The questions honestly keep going and going and going. The goal is to optimize the talent acquisition challenge on an annual basis, while limiting the amount of financial and sweat equity risks that go into every single decision that’s made.

The Final Conclusion…

I think both sides are right.

* The recruitment and development of Baker is a 100-percent win for Kyle Flood and the coaching staff. You almost can’t ask for more than he’s currently giving, other than to expect him to be a generational talent and he was never quite expected to be that.

* There’s probably a better and more optimal way of maximizing value/minimizing risks with precious limited natural resources at the offensive line than throwing 2+ million at someone over three years and hoping you don’t roll snake-eyes with no guarantees on the box?

Folks, this is the conversation/battle that is taking place at Ohio State, Georgia, Alabama and Oregon as we speak.

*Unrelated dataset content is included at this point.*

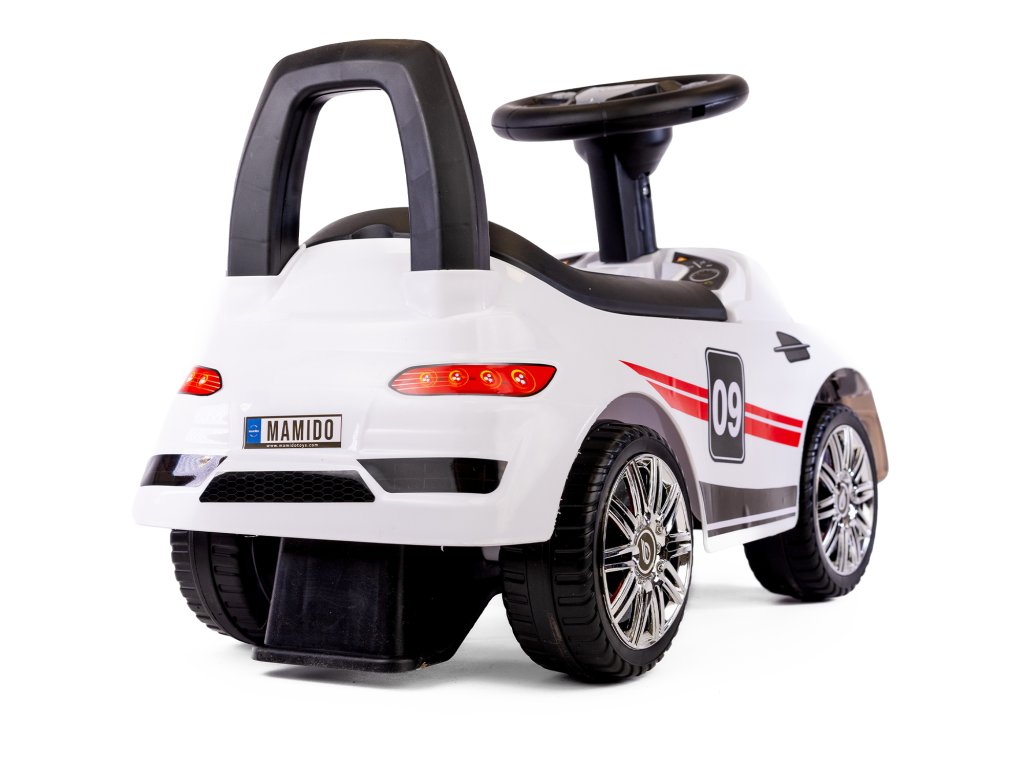 Детската триколка MT269 със звукови ефекти бяло има сертификат CE и е произведена от здрава материя, гарантираща дълъг експлоатационен живот. Конструкцията на превозното средство е адаптирана за най-малките деца, като липсват опасни и остри ръбове, а размерите на всички елементи са съобразени с височината на малчуганите. В предната и задната част на превозното средство са монтирани защитни механизми, предпазващи от преобръщане.

Everyone is trying to figure out the right answers.

The people who get it right will have a significant competitive edge.

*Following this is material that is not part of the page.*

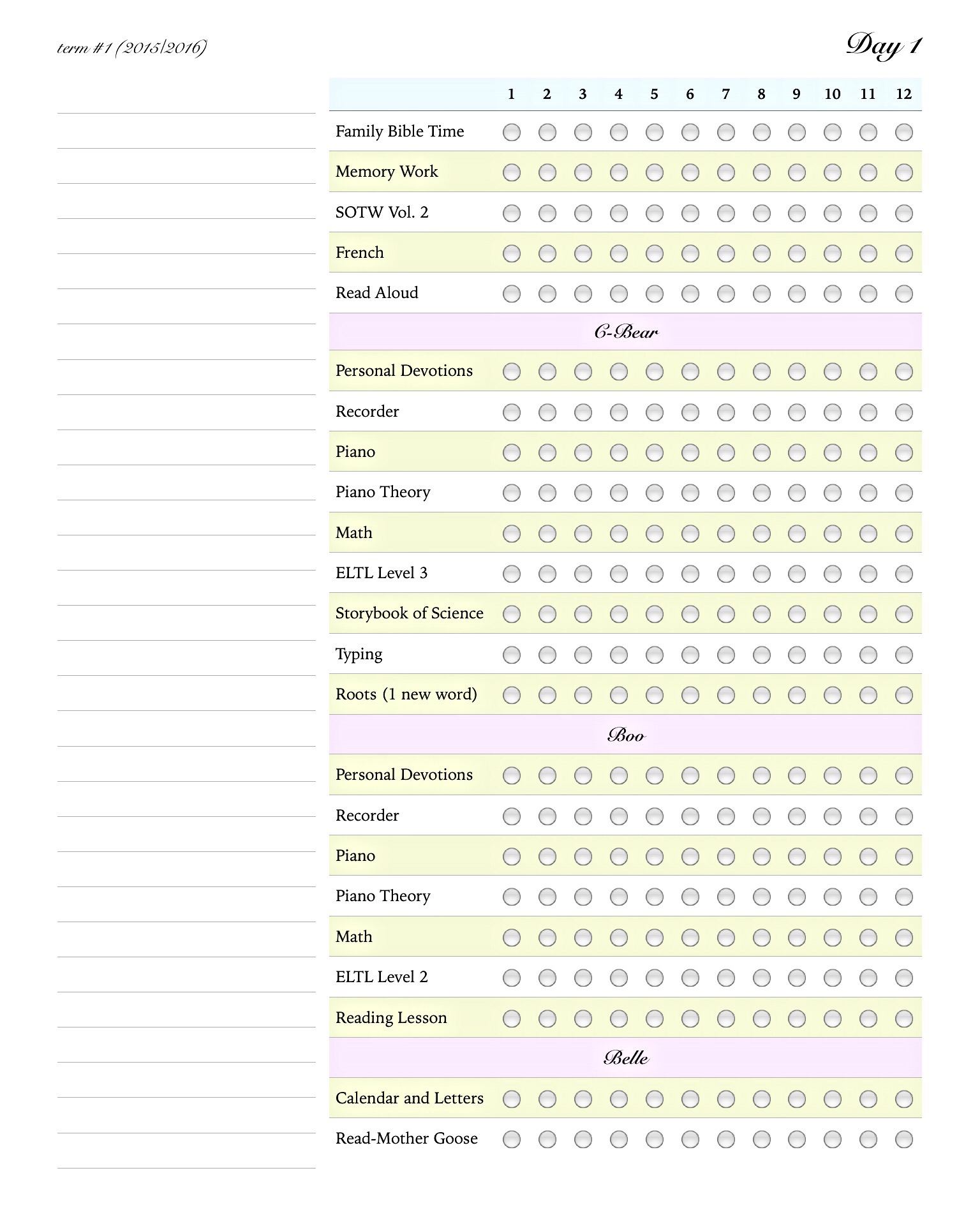 I’ve been taking advantage of our home-bound time this week to lay out our schedule for the fall.  Last year I could fit the whole week’s checklist on a two page spread, but with adding some new subjects for C-Bear and with Belle starting Kindergarten, I am needing a whole page for each day!  Here’s a sample of what I’ve come up with so far for Day 1 (which in our case is usually Monday)…

There are coaches who would tell Steve Sarkisian to trust the process that brought them a player like Baker into the fold, while a tough general manager might step in and say that there’s not enough impact for the cost of doing business and the old way of doing things is a non-optimal approach.

Sarkisian has to make the call. His instincts are no to lean into the card-counting ways of the non-conventional. Meanwhile the conventional will say that the Longhorns are on the cusp of possibly a third straight playoff appearance because of conventional methods and the retort from the non-conventional will be that being conventional this off-season might have robbed him of a chance to win a national championship… right now… this year. And maybe even a season ago.

Pick One

So, I’m curious… are you #TeamConventional or #TeamNonConventional?

It’s one of the questions that I think will define the sport moving forward through the rest of the decade.